I don’t sit as much in general. I’m standing as I type this and alternating some stretches on each leg. I spend more time on the floor casually doing stretches as I play with my kids. I do hip hinges while a kid is hanging on my back (works really great actually at 40 pounds!). I squeeze my glutes and hams ALL the time. Absolutely as a ballet dancer my quads were overdeveloped in comparison to the backside.

My friend really helped me make sense of my struggles as a dancer, too. The tilted spine explains why turns were difficult; I would tend to fall easily turning towards my curve and had a hard time making the rotations turning against my curve. I feel so much better now about my flexibility issues because it wasn’t ever a flexibility issue (in fact in my table exam my friend told me I’m quite flexible still). It’s the mechanical structure of my hips that was always the issue.
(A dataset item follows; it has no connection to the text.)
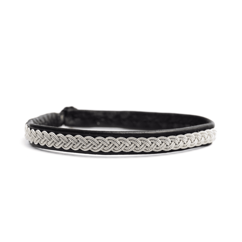 Un bracelet classique en étain au design intemporel. Fabriqué artisanalement à partir de cuir de renne tanné naturellement et de fil d'étain tressé, il se patine avec le temps et devient encore plus beau. Le bouton est en bois de renne, et le bracelet est doux et souple.
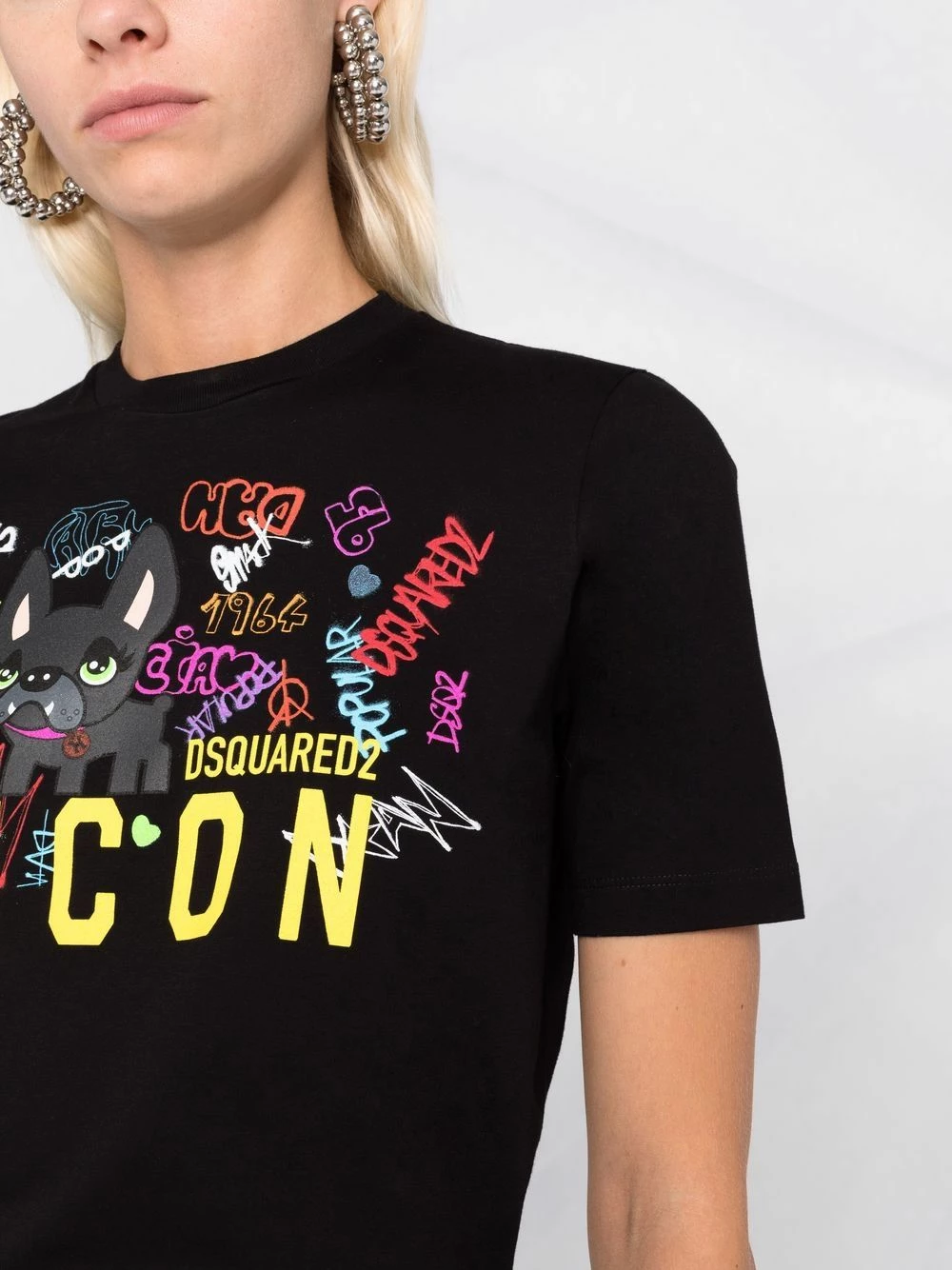 Imprimé graphique, imprimé monogrammé, encolure ras du cou, manches courtes, ourlet droit. Matière : coton.

I love how this program has helped me put all of the data together to make sense of how MY body works. I just love how careful all of the videos in FAI Fix are in addressing the very specific dynamics of the muscles and body positioning to retrain your body properly. I also love the new mindset I now have that anywhere there is pain in a muscle, I can actively work to relieve it instead of just lying around in agony popping pills.

I have such a new outlook on how amazing the body is at retraining and self-healing. I will admit part of the reason I’ve slowed down on my “hip work” is because I really like to workout HARD and sometimes it was just feeling like “old lady exercises” after a while. So I am excited to sort of have all of the exercises in my knowledge bank and do them throughout my day, and hopefully progress back into harder workouts. I’ve just purchased the athletes program and have not started it yet, but I am very excited to work myself up to new challenges that are good for my body!

THANK YOU SO MUCH! I am seriously eternally grateful for this program, and I hope to never have hip surgery again!! I have told so many people with aches and pains to follow Upright Health. You guys are amazing!